Stored items from a collection
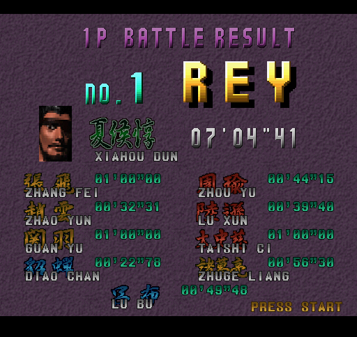 | Zhao Yun | Cao Cao | Dian Wei | Diao Chan | Guan Yu | Lu Bu | Lu Xun | Nobunaga | | Sun Shang Xiang | Taishi Ci | Toukichi | - Xiahou Dun - | Xu Zhu | Zhang Fei | Zhou Yu | Zhuge Liang | |
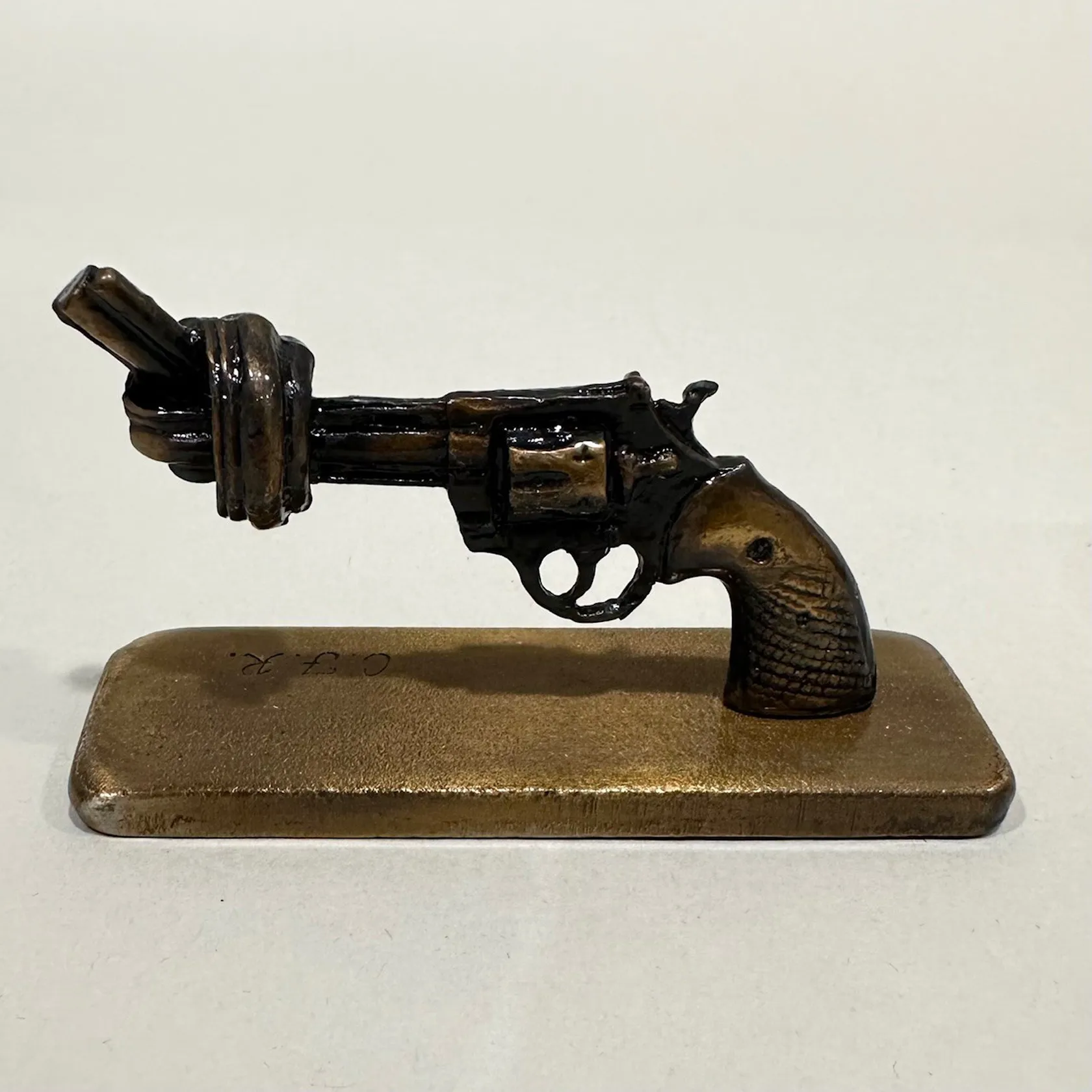 Skulptur, Carl Fredrik Reuterswärd, Non Violence Peace Symbol, längd ca 7cm, höjd 4,5cm, originalförpackning
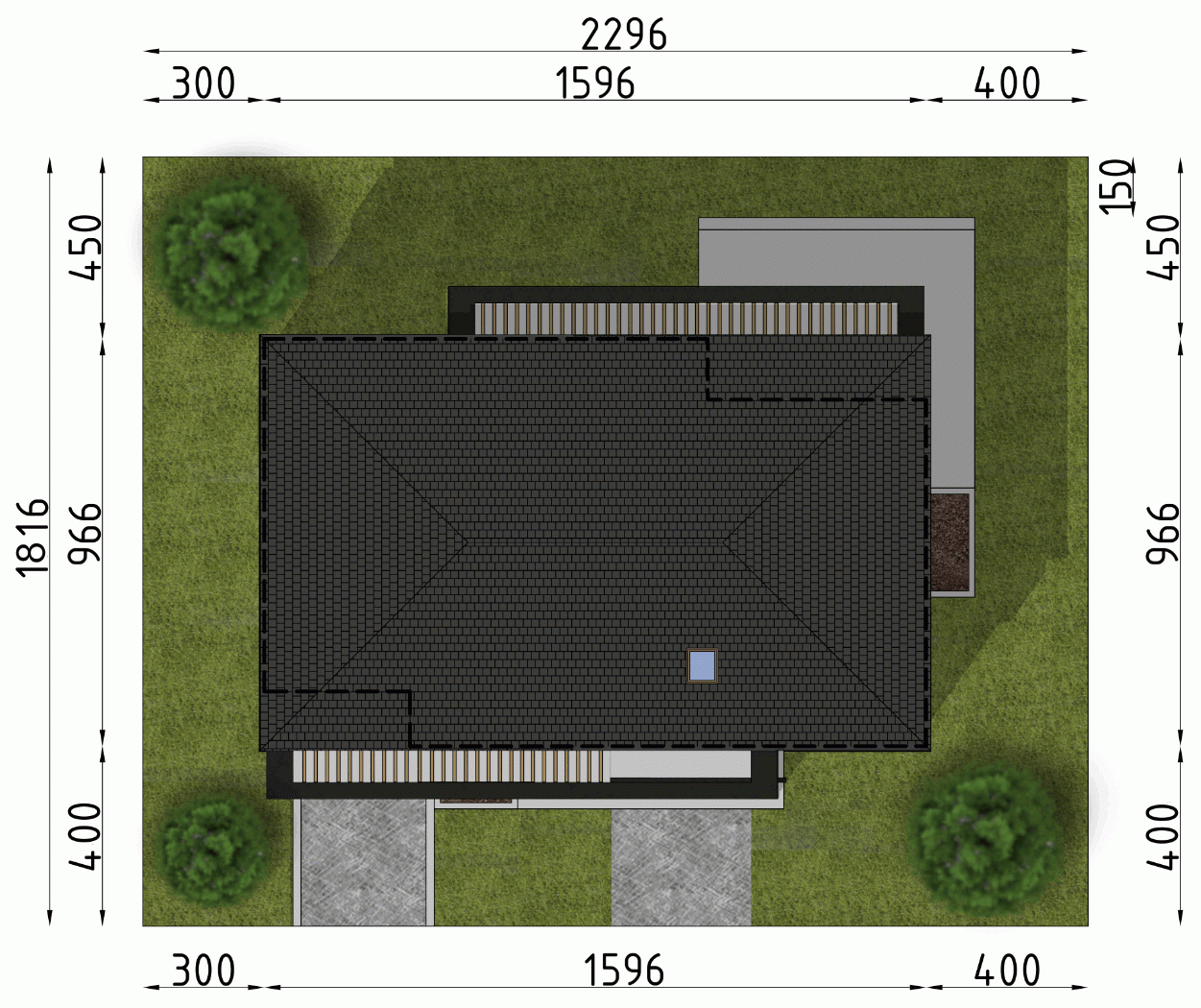 - Minimalne wymiary działki18.16 x 22.96m
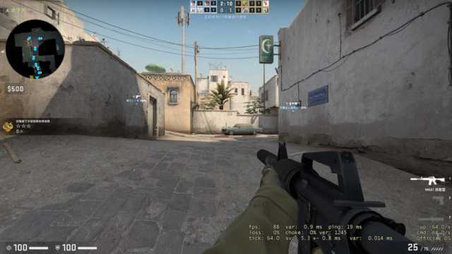游戏方面,我们选择了《CS:GO》,中画质,游戏帧数可以稳定在80~100帧,操作起来流畅无卡顿,整体游戏体验不错。
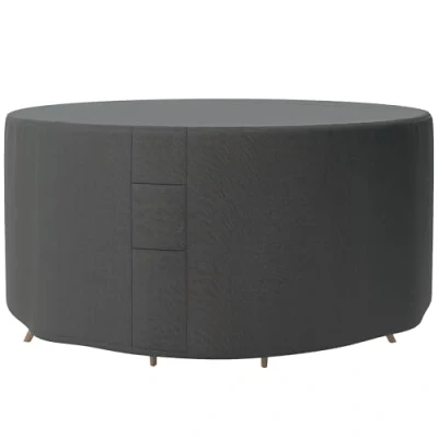 ManoManoGeneral description Keep your outdoor furniture clean and pristine all year round with the Outsunny Large Outdoor Set Round Cover. This cover is designed to protect your rattan corner sofa and other garden furniture from rain, snow, dirt, and other elements that could cause damage. Technical specifications Colour: Black Material: Oxford cloth with PVC coating Overall Dimension: Ф193 x 81H cm Heavy-duty construction with interlocking seams for durability Compatibility and accessories Suitable for square, rectangular, and oval-shaped furniture sets Installation Slips on and off quickly and easily Finished with a toggle and drawstring fastening to fit securely Tie and buckle fastenings to attach and secure tightly Usage Protects garden tables, chairs, and other furniture against weather damage, including rain, sunlight, and dirt Easy to clean due to the PVC coating
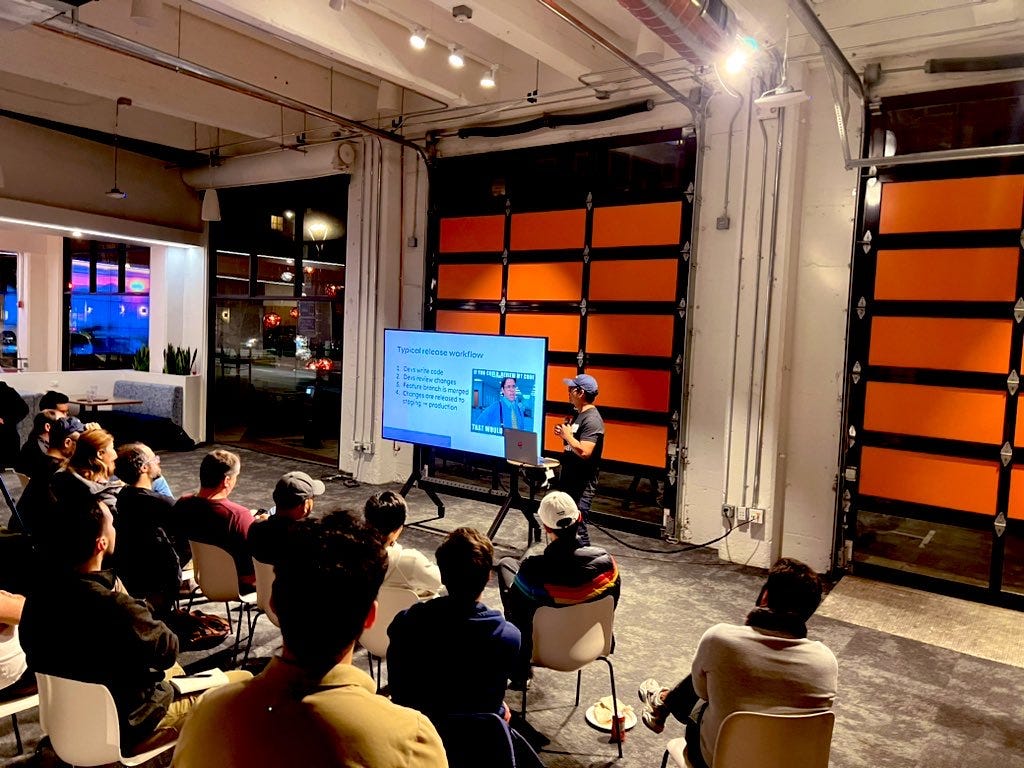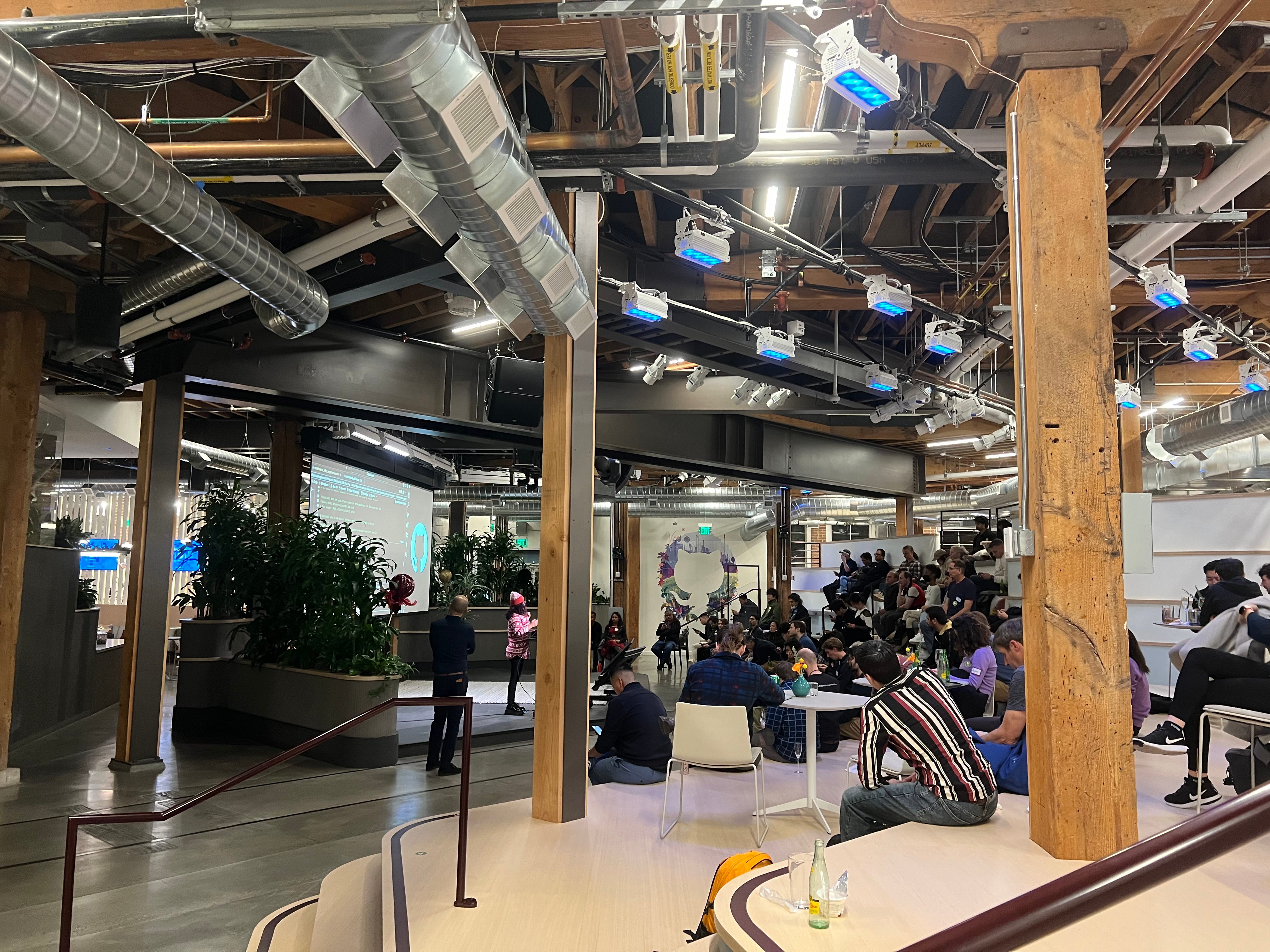 Going to meetups on the weekday, at GitHub office and Cloudflare. Conversations with other founders, one is making productivity app using science to improve cognitive performance and learning. Talks about new startup products in Ai and other tech.
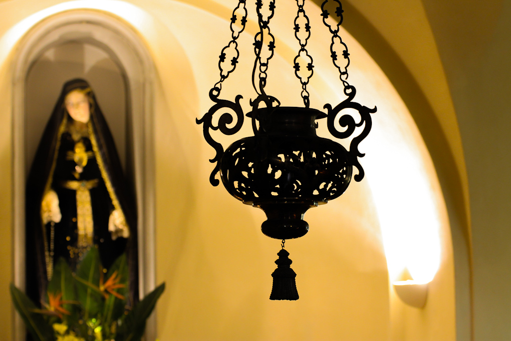 l'inquadratura è stretta..sacrificata..hai tagliato l'arco che avrebbe dato slancio, e la luce è completamente sbagliata..hai una lampada a muro sulla dx che è sovraesposta ma la lampada in primo piano è sottoesposta e con la catena tagliata..la madonnina poi è fuori fuoco..l'occhio dove dovrebbe cadere?

▶ WORK REQUEST: Leave the pictures out and print every record exactly.

▶ EXPECTED ANSWER:
 | Zhao Yun | Cao Cao | Dian Wei | Diao Chan | Guan Yu | Lu Bu | Lu Xun | Nobunaga | | Sun Shang Xiang | Taishi Ci | Toukichi | - Xiahou Dun - | Xu Zhu | Zhang Fei | Zhou Yu | Zhuge Liang | |
 Skulptur, Carl Fredrik Reuterswärd, Non Violence Peace Symbol, längd ca 7cm, höjd 4,5cm, originalförpackning
 - Minimalne wymiary działki18.16 x 22.96m
游戏方面,我们选择了《CS:GO》,中画质,游戏帧数可以稳定在80~100帧,操作起来流畅无卡顿,整体游戏体验不错。
 ManoManoGeneral description Keep your outdoor furniture clean and pristine all year round with the Outsunny Large Outdoor Set Round Cover. This cover is designed to protect your rattan corner sofa and other garden furniture from rain, snow, dirt, and other elements that could cause damage. Technical specifications Colour: Black Material: Oxford cloth with PVC coating Overall Dimension: Ф193 x 81H cm Heavy-duty construction with interlocking seams for durability Compatibility and accessories Suitable for square, rectangular, and oval-shaped furniture sets Installation Slips on and off quickly and easily Finished with a toggle and drawstring fastening to fit securely Tie and buckle fastenings to attach and secure tightly Usage Protects garden tables, chairs, and other furniture against weather damage, including rain, sunlight, and dirt Easy to clean due to the PVC coating
 Going to meetups on the weekday, at GitHub office and Cloudflare. Conversations with other founders, one is making productivity app using science to improve cognitive performance and learning. Talks about new startup products in Ai and other tech.
 l'inquadratura è stretta..sacrificata..hai tagliato l'arco che avrebbe dato slancio, e la luce è completamente sbagliata..hai una lampada a muro sulla dx che è sovraesposta ma la lampada in primo piano è sottoesposta e con la catena tagliata..la madonnina poi è fuori fuoco..l'occhio dove dovrebbe cadere?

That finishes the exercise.